> [Input records]
_ _ _ _ _ _ _
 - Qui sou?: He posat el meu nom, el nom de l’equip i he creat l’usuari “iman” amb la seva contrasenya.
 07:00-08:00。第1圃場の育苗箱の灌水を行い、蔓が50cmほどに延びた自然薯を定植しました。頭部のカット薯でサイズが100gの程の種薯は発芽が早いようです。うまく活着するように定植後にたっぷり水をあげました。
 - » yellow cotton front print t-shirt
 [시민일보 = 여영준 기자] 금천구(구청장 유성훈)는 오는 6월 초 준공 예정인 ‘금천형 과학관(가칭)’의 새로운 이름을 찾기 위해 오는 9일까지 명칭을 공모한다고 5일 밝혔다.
_ _ _ _ _ _ _
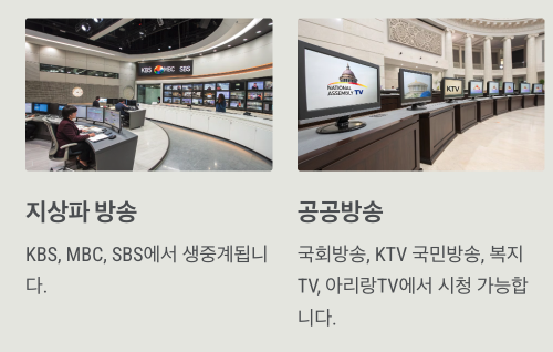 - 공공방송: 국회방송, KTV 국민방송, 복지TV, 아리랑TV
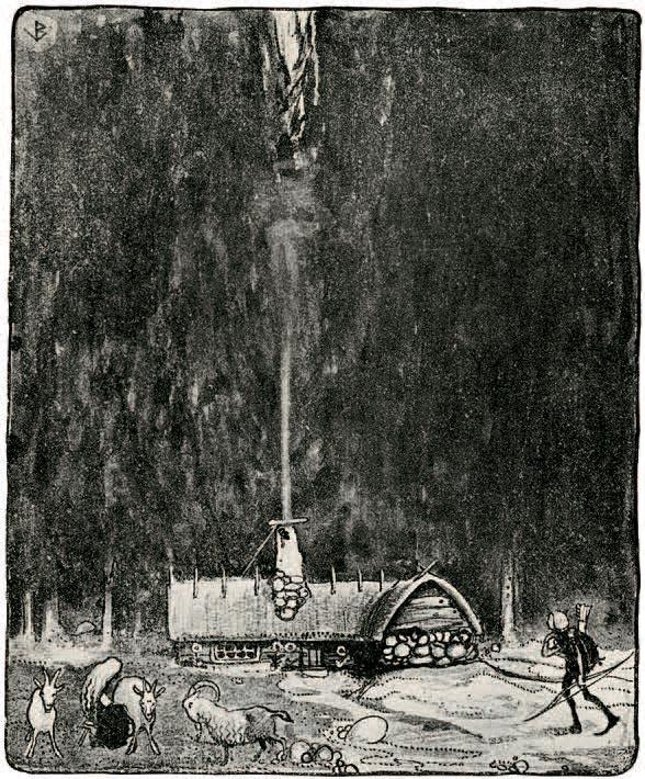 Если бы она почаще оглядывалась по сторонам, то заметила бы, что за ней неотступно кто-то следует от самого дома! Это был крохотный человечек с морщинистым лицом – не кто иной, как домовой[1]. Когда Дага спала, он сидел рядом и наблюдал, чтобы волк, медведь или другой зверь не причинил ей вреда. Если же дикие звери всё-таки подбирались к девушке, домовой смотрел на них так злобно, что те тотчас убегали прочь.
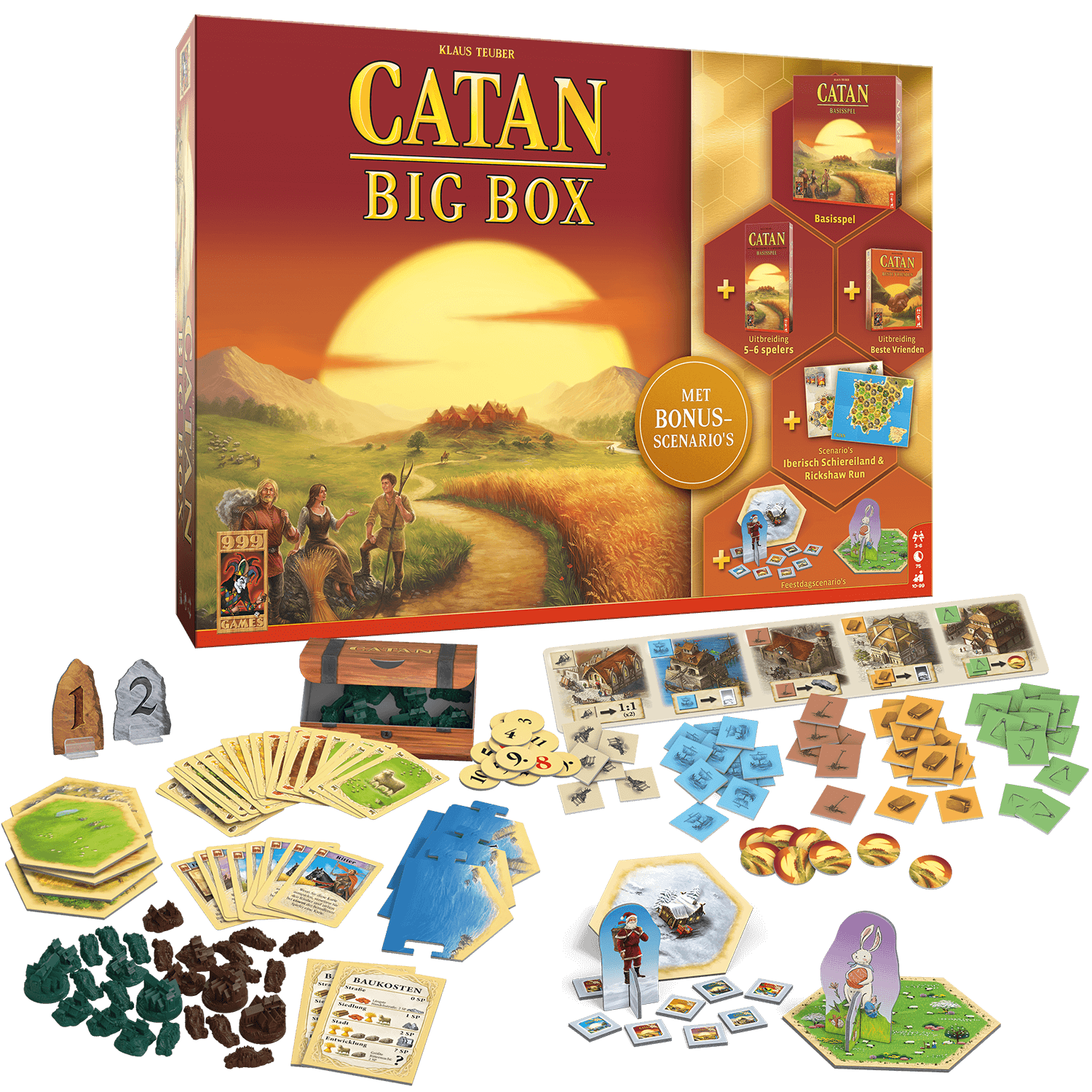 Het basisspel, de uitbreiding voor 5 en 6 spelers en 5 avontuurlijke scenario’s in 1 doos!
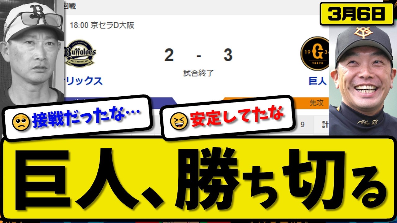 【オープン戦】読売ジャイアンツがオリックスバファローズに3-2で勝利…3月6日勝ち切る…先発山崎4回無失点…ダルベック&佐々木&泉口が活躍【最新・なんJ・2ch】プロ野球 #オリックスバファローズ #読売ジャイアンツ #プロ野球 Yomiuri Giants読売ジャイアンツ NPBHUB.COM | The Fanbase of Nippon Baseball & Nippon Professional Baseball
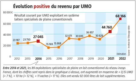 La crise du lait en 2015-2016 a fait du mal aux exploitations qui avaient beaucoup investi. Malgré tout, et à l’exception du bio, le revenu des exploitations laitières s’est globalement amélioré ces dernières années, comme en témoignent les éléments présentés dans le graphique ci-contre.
_ _ _ _ _ _ _
> [Exercise instructions]
Within the listing above, the stretch from the line with "Nippon Professional Baseball" down to the line with "La crise du" is to be given again exactly, end lines included and pictures excluded.

> [Reply to the exercise]
 【オープン戦】読売ジャイアンツがオリックスバファローズに3-2で勝利…3月6日勝ち切る…先発山崎4回無失点…ダルベック&佐々木&泉口が活躍【最新・なんJ・2ch】プロ野球 #オリックスバファローズ #読売ジャイアンツ #プロ野球 Yomiuri Giants読売ジャイアンツ NPBHUB.COM | The Fanbase of Nippon Baseball & Nippon Professional Baseball
 La crise du lait en 2015-2016 a fait du mal aux exploitations qui avaient beaucoup investi. Malgré tout, et à l’exception du bio, le revenu des exploitations laitières s’est globalement amélioré ces dernières années, comme en témoignent les éléments présentés dans le graphique ci-contre.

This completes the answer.